### DATA RECORDS
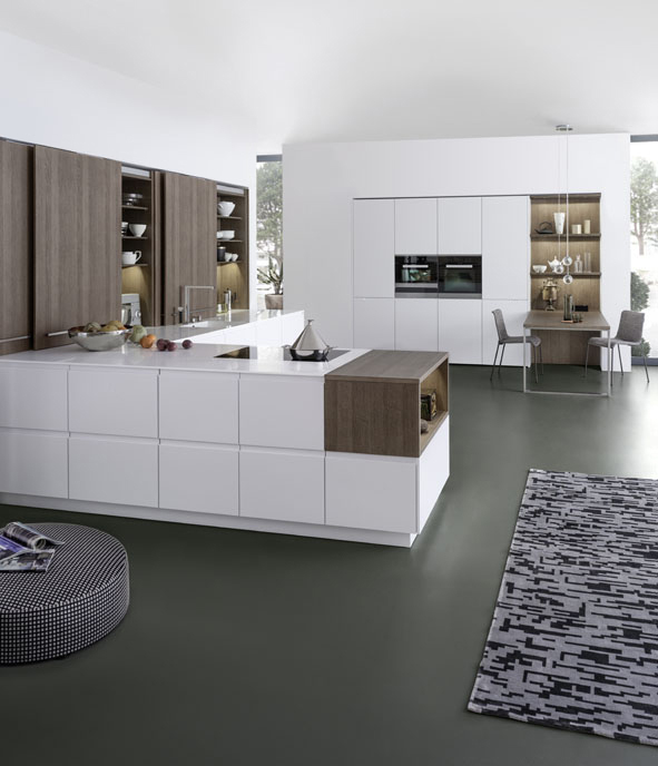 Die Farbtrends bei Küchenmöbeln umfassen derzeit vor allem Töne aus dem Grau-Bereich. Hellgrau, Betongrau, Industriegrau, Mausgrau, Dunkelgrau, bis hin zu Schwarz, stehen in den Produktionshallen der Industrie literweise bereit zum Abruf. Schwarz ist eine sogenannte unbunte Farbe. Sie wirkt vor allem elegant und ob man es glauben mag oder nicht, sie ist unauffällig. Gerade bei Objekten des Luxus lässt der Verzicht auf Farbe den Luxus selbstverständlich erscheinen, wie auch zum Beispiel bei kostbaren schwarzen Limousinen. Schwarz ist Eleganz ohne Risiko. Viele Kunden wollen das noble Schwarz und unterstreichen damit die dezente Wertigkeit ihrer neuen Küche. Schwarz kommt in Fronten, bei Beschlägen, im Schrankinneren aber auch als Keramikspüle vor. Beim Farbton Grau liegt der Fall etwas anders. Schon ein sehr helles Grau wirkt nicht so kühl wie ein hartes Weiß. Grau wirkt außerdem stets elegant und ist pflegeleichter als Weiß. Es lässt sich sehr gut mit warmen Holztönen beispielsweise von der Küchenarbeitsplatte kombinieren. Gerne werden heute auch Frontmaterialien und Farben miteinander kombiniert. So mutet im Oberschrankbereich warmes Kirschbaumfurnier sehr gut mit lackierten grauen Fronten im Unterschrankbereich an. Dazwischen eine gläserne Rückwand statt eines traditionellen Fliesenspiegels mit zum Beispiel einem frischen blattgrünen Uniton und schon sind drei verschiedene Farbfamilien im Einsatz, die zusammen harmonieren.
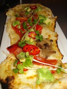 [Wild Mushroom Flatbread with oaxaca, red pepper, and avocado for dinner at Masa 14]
* * *
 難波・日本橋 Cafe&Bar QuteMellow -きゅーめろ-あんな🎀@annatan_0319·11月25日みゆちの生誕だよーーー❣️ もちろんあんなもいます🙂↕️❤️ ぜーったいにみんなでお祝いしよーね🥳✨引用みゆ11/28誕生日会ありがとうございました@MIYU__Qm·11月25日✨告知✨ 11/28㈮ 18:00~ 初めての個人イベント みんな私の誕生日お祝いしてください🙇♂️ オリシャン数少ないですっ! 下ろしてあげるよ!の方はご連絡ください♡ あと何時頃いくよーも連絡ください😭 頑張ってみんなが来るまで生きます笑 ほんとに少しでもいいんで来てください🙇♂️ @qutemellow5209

### WORK ORDER
Of the records above, print only the lines from the one containing "Die Farbtrends bei" through the one containing "[Wild Mushroom Flatbread", inclusive and unaltered, leaving out pictures.

### ANSWER SPACE
 Die Farbtrends bei Küchenmöbeln umfassen derzeit vor allem Töne aus dem Grau-Bereich. Hellgrau, Betongrau, Industriegrau, Mausgrau, Dunkelgrau, bis hin zu Schwarz, stehen in den Produktionshallen der Industrie literweise bereit zum Abruf. Schwarz ist eine sogenannte unbunte Farbe. Sie wirkt vor allem elegant und ob man es glauben mag oder nicht, sie ist unauffällig. Gerade bei Objekten des Luxus lässt der Verzicht auf Farbe den Luxus selbstverständlich erscheinen, wie auch zum Beispiel bei kostbaren schwarzen Limousinen. Schwarz ist Eleganz ohne Risiko. Viele Kunden wollen das noble Schwarz und unterstreichen damit die dezente Wertigkeit ihrer neuen Küche. Schwarz kommt in Fronten, bei Beschlägen, im Schrankinneren aber auch als Keramikspüle vor. Beim Farbton Grau liegt der Fall etwas anders. Schon ein sehr helles Grau wirkt nicht so kühl wie ein hartes Weiß. Grau wirkt außerdem stets elegant und ist pflegeleichter als Weiß. Es lässt sich sehr gut mit warmen Holztönen beispielsweise von der Küchenarbeitsplatte kombinieren. Gerne werden heute auch Frontmaterialien und Farben miteinander kombiniert. So mutet im Oberschrankbereich warmes Kirschbaumfurnier sehr gut mit lackierten grauen Fronten im Unterschrankbereich an. Dazwischen eine gläserne Rückwand statt eines traditionellen Fliesenspiegels mit zum Beispiel einem frischen blattgrünen Uniton und schon sind drei verschiedene Farbfamilien im Einsatz, die zusammen harmonieren.
 [Wild Mushroom Flatbread with oaxaca, red pepper, and avocado for dinner at Masa 14]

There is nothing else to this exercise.